_TASK INSTRUCTIONS_
Beginning at the line containing "Razglednica Verlag Beč", repeat each line below exactly up to and including the line containing "王翔同学介绍了嫦娥五号的组成". Do not repeat the pictures.

_PROVIDED RECORDS_
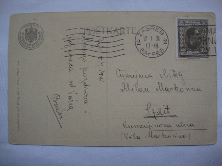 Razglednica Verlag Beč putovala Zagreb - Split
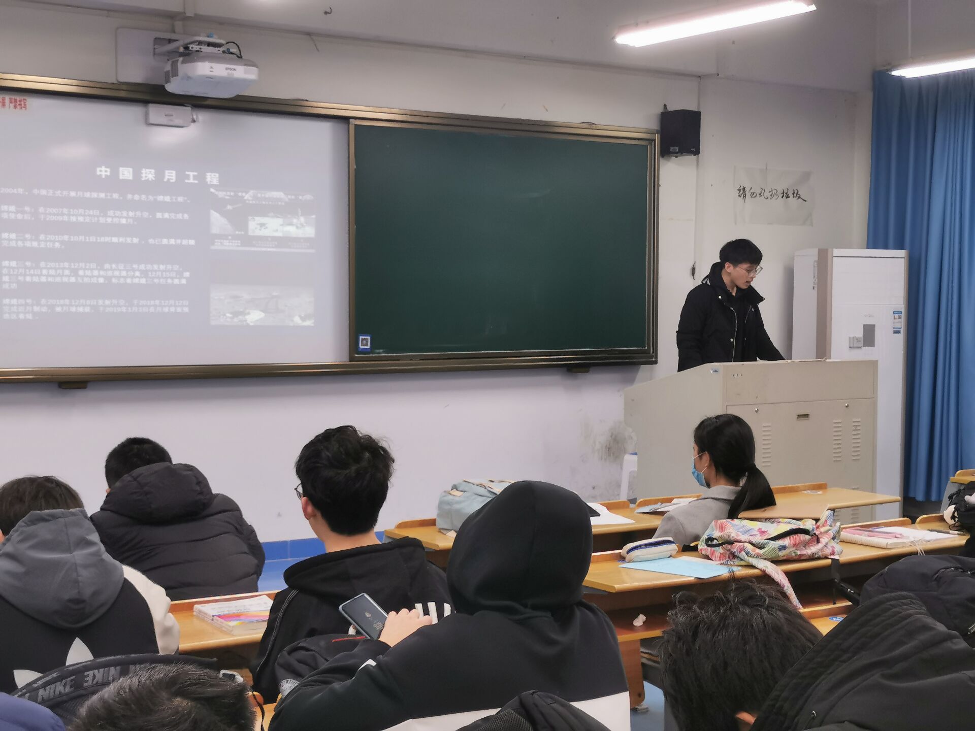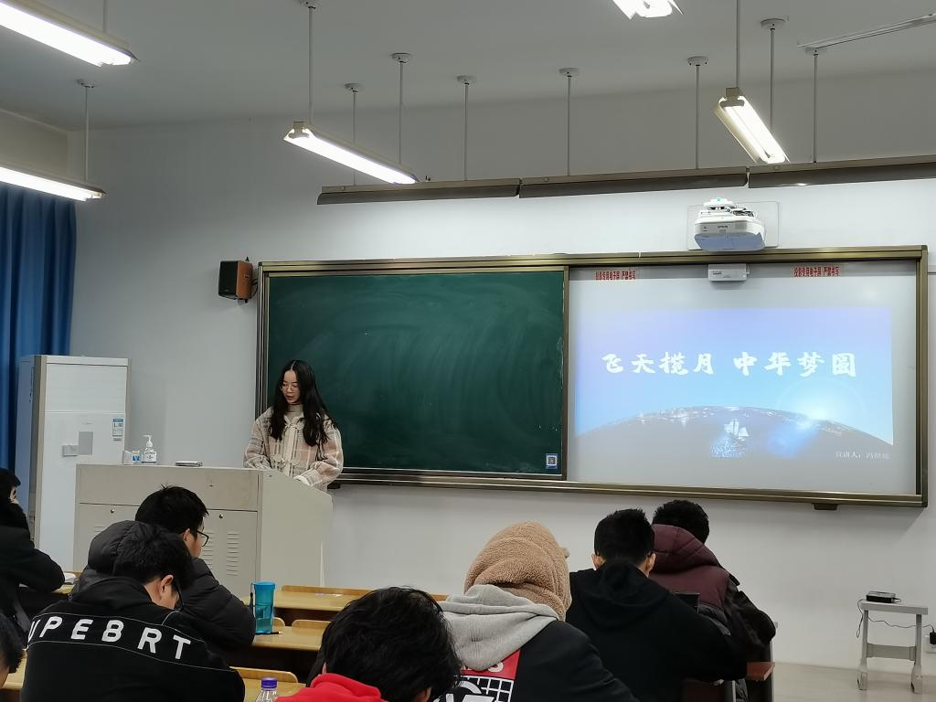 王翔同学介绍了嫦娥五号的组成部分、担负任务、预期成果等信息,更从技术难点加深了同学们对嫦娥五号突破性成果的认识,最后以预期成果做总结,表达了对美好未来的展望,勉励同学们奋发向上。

==

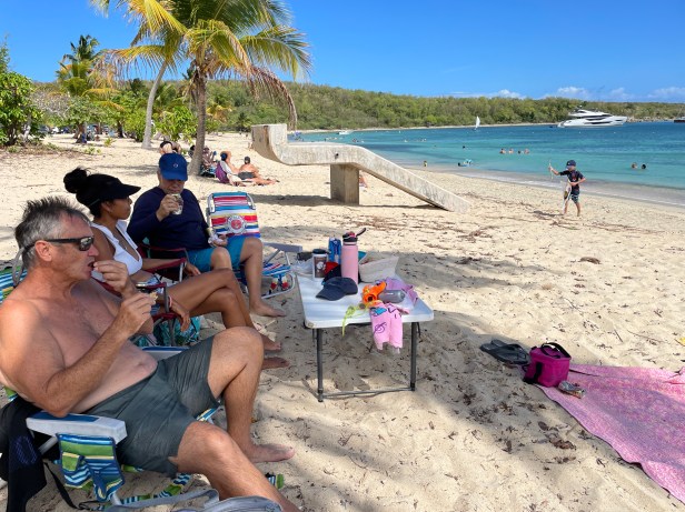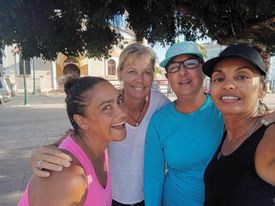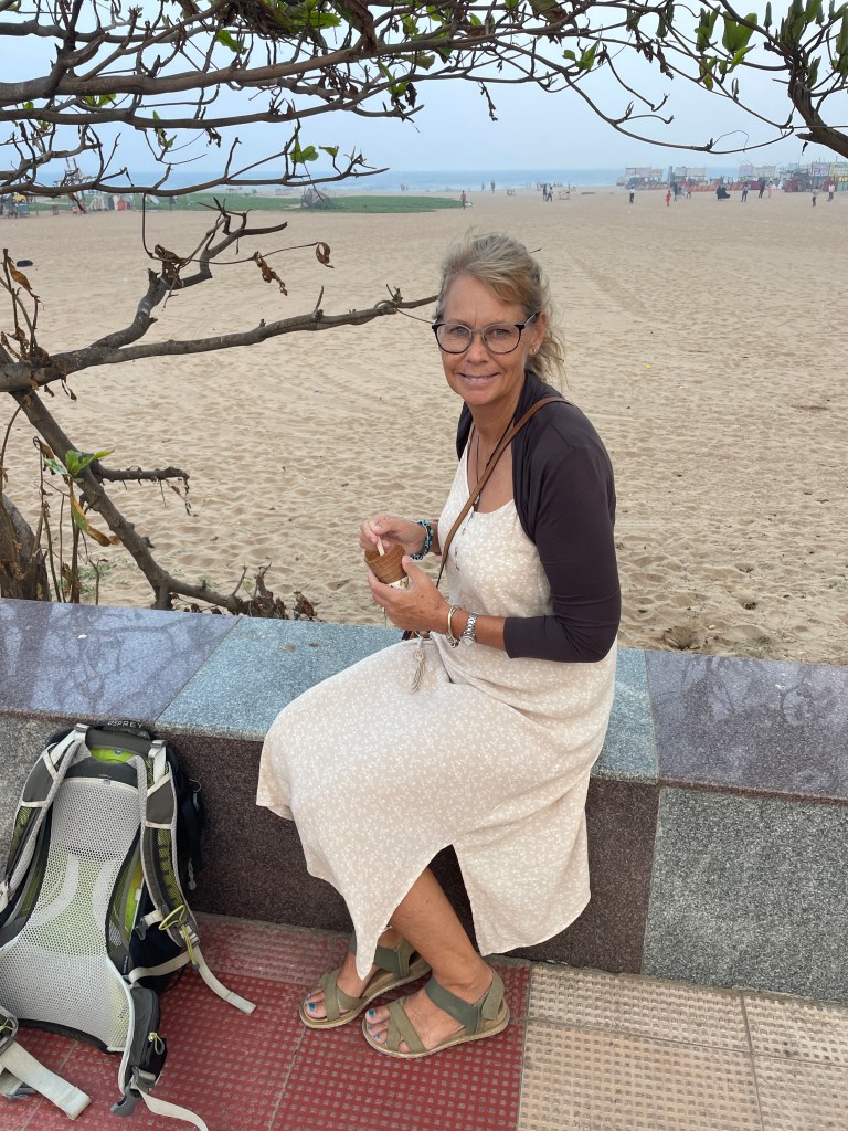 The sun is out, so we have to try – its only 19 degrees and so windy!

--

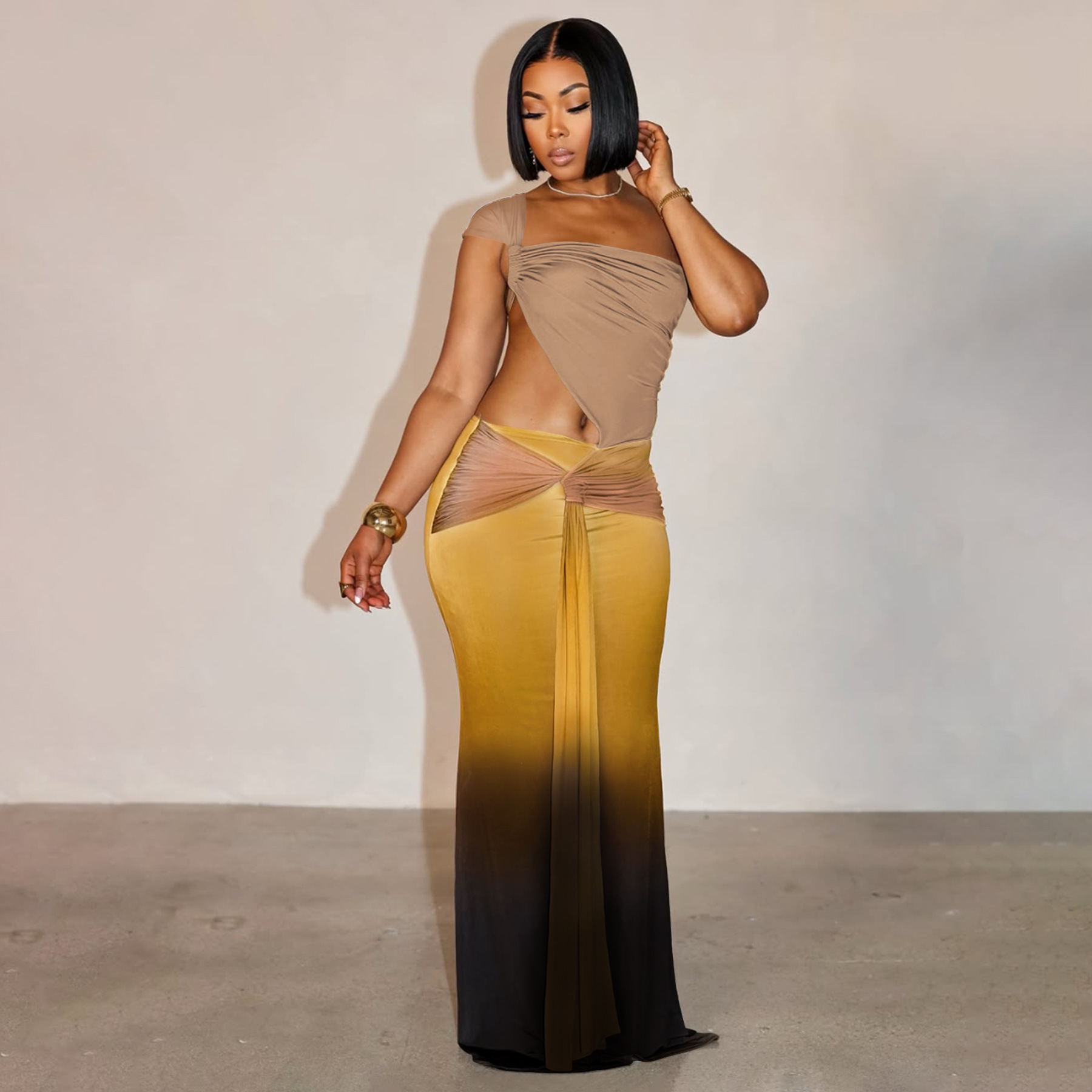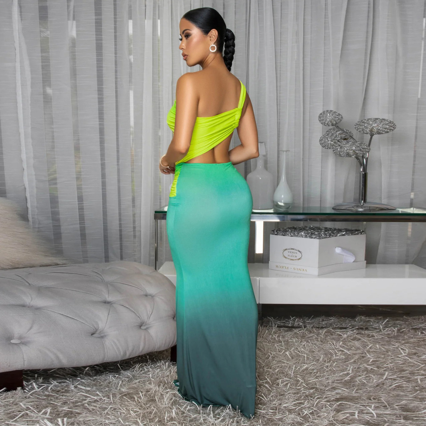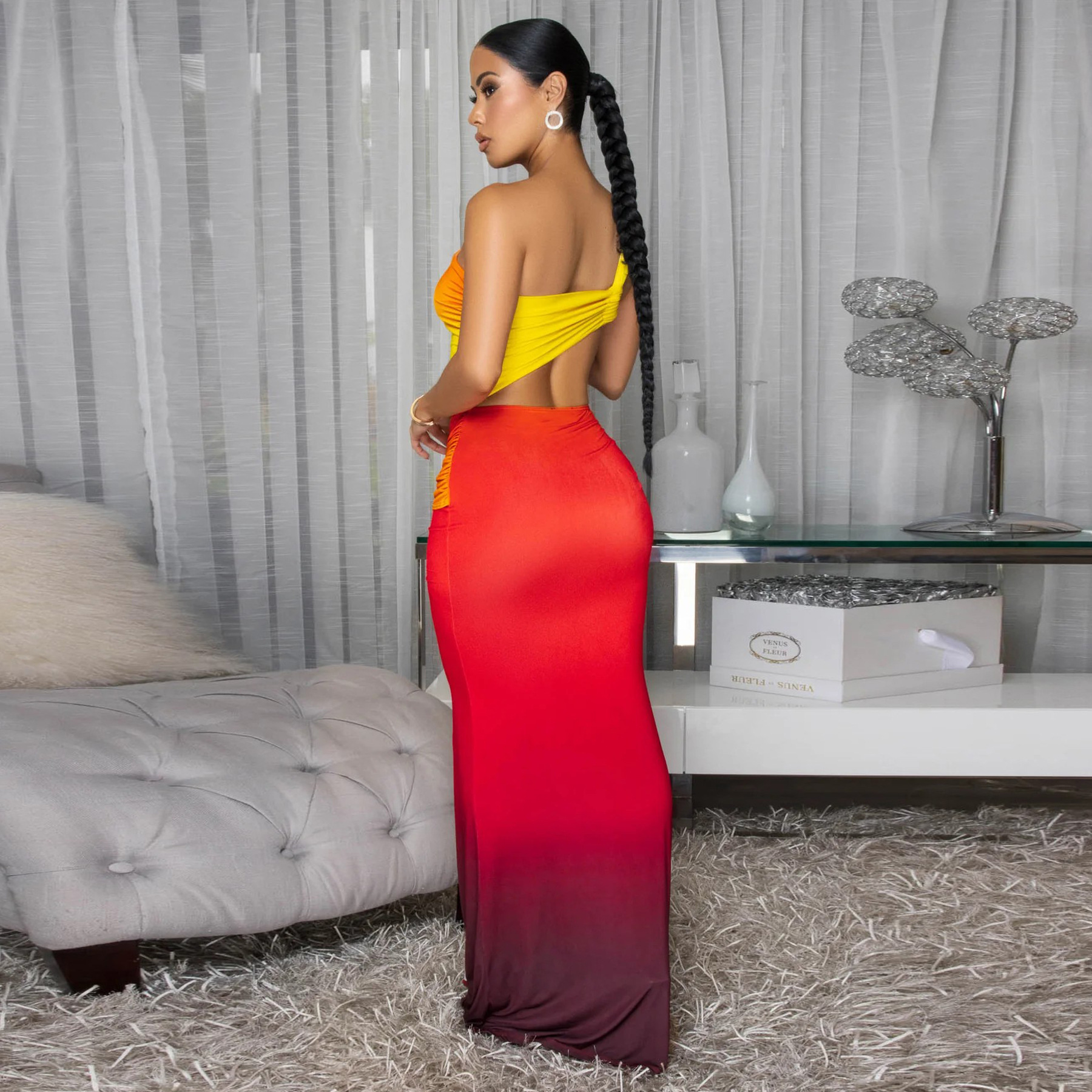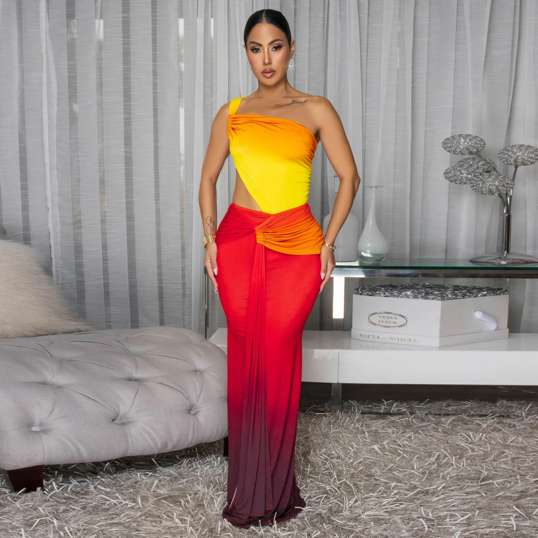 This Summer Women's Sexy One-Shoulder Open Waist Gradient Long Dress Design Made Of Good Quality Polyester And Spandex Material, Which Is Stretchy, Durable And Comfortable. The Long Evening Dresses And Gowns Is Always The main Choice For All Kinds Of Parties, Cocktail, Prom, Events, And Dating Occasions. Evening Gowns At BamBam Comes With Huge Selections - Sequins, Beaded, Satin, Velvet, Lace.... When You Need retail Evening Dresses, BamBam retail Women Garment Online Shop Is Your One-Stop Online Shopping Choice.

_EXERCISE OUTPUT_
 Razglednica Verlag Beč putovala Zagreb - Split
 王翔同学介绍了嫦娥五号的组成部分、担负任务、预期成果等信息,更从技术难点加深了同学们对嫦娥五号突破性成果的认识,最后以预期成果做总结,表达了对美好未来的展望,勉励同学们奋发向上。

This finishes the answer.